Return the full listing word for word, but drop every picture from it.

## [Provided material]
>>
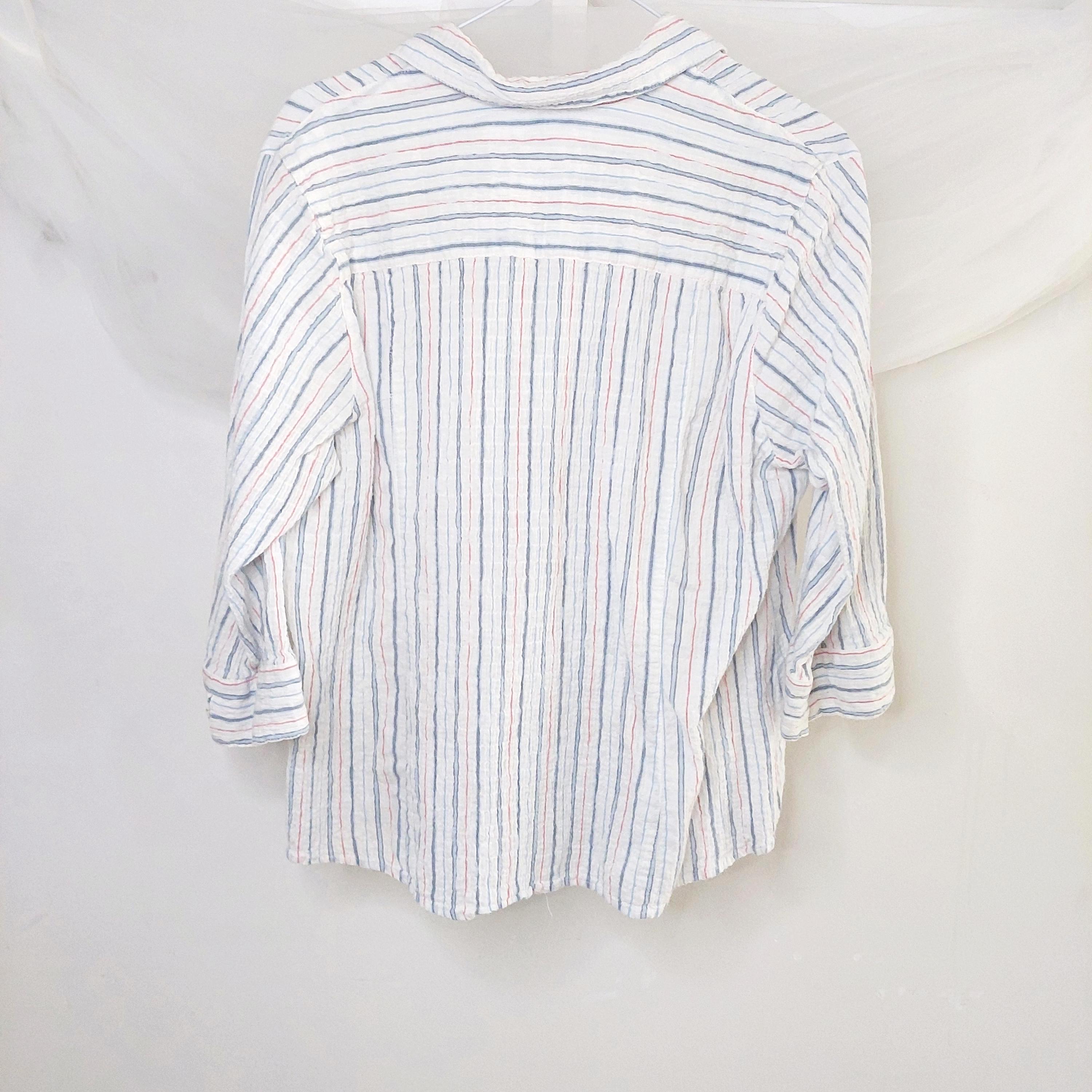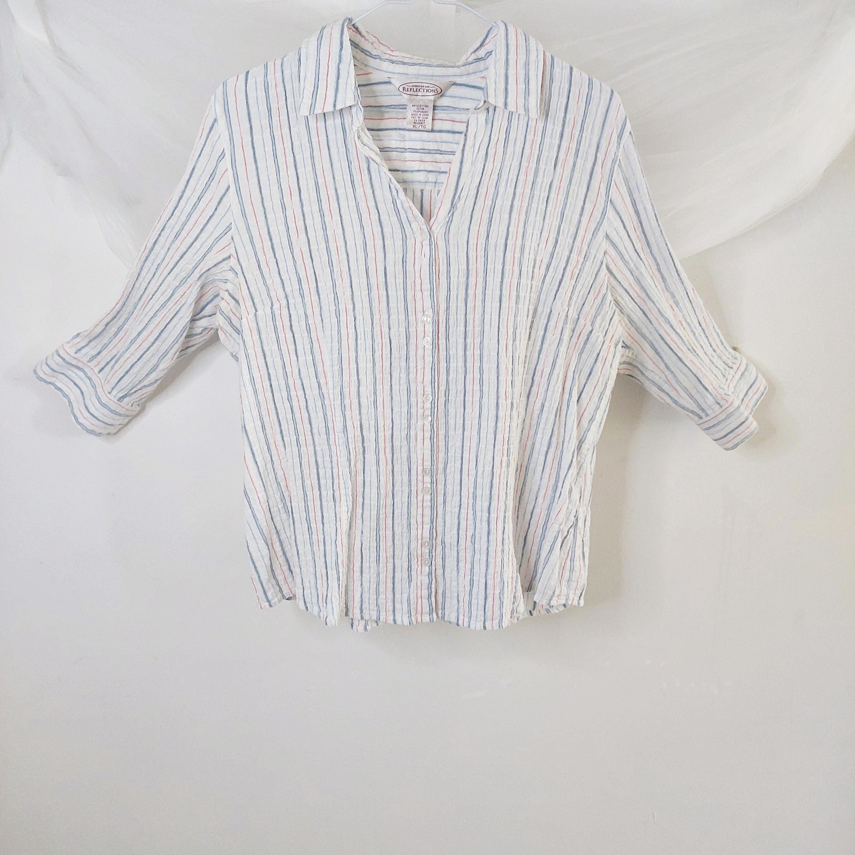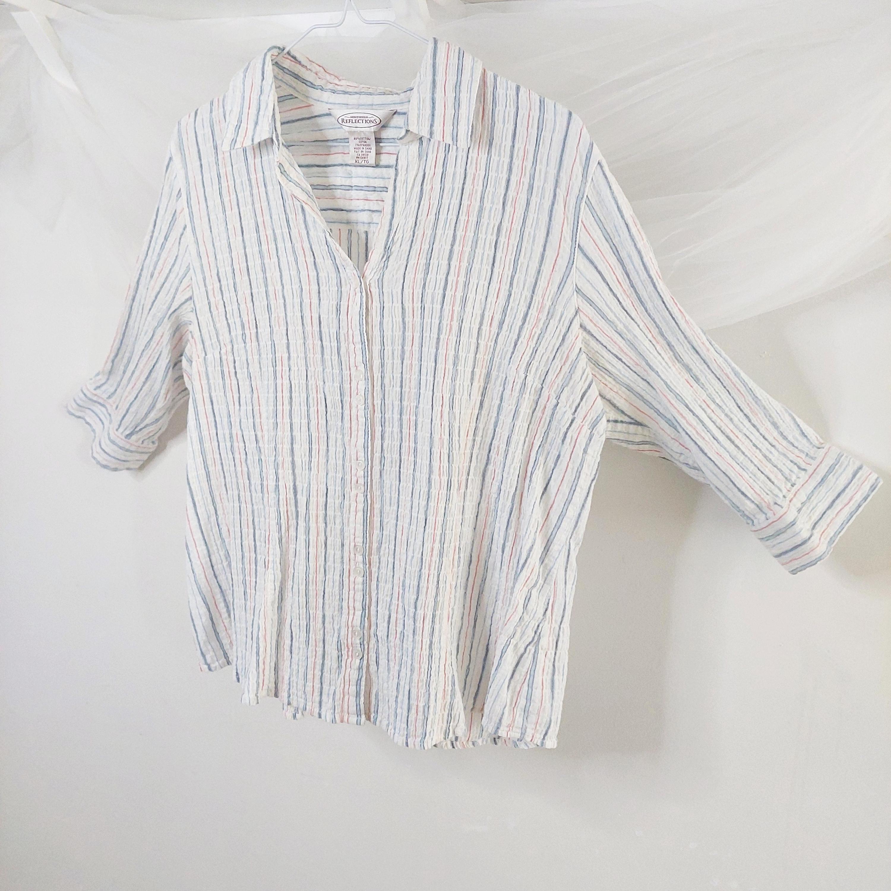 This is a Northern Reflections button-up blouse with vertical stripes in blue and pink. It features a classic split-neck collar and 3/4 length sleeves with cuffed details
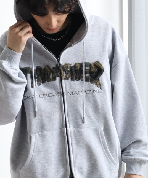【THRASHER/スラッシャー】裏毛 ロゴデザイン ジップアップパーカー※Sサイズのみショート丈デザイン※
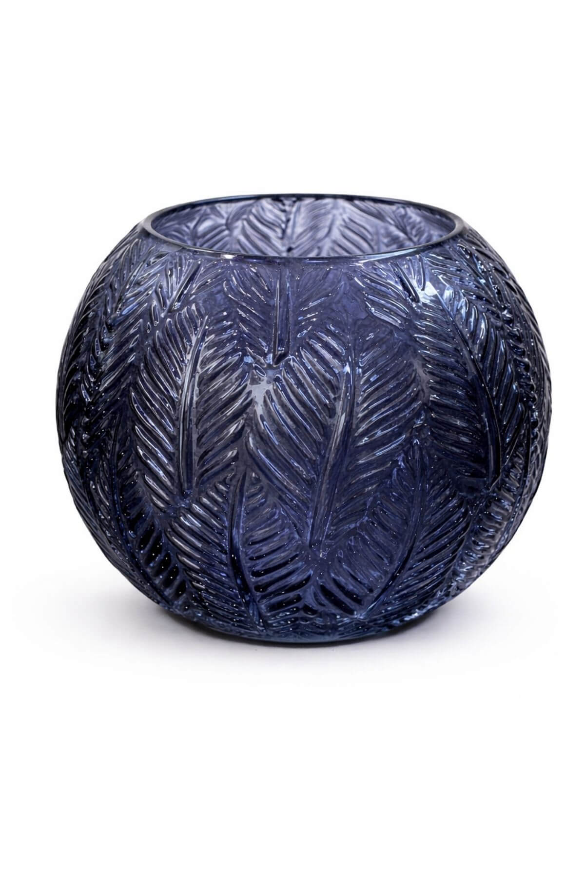 Kék üvegváza, levél mintával - ideális elő és művirágokhoz egyaránt. Nemcsak praktikus, de elegáns belső kiegészítőként is szolgál. Különösen alkalmas a modern belterekbe.
<<
## [Final answer]
 This is a Northern Reflections button-up blouse with vertical stripes in blue and pink. It features a classic split-neck collar and 3/4 length sleeves with cuffed details
【THRASHER/スラッシャー】裏毛 ロゴデザイン ジップアップパーカー※Sサイズのみショート丈デザイン※
 Kék üvegváza, levél mintával - ideális elő és művirágokhoz egyaránt. Nemcsak praktikus, de elegáns belső kiegészítőként is szolgál. Különösen alkalmas a modern belterekbe.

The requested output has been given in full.